## DATASET EXTRACT:
------------------------------------

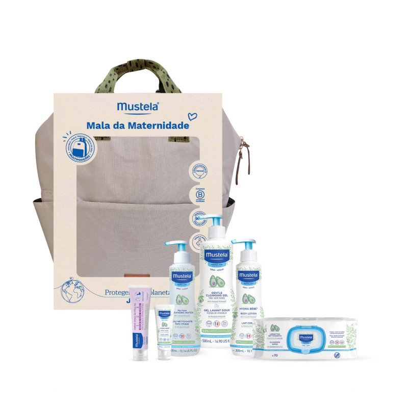 Mustela Bebé Mochila Maternidade é composta por 6 cuidados: Mustela Água de Limpeza (300ml);
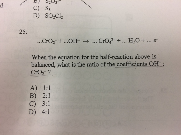 Solved C) S D) SO2CIh 25. CrO2-+ OH-→ CrO42-+ H2O + e- When | Chegg.com
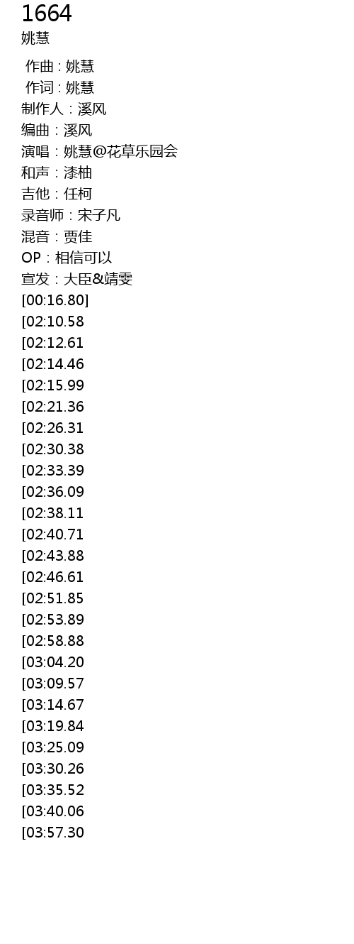 | [00:09.17] | 演唱:姚慧@花草乐园会 |

------------------------------------

## AIM OF THE EXERCISE:
Please copy out the whole listing exactly, minus its pictures.

## SOLUTION FOR THIS TASK:
 Mustela Bebé Mochila Maternidade é composta por 6 cuidados: Mustela Água de Limpeza (300ml);
 Solved C) S D) SO2CIh 25. CrO2-+ OH-→ CrO42-+ H2O + e- When | Chegg.com
 | [00:09.17] | 演唱:姚慧@花草乐园会 |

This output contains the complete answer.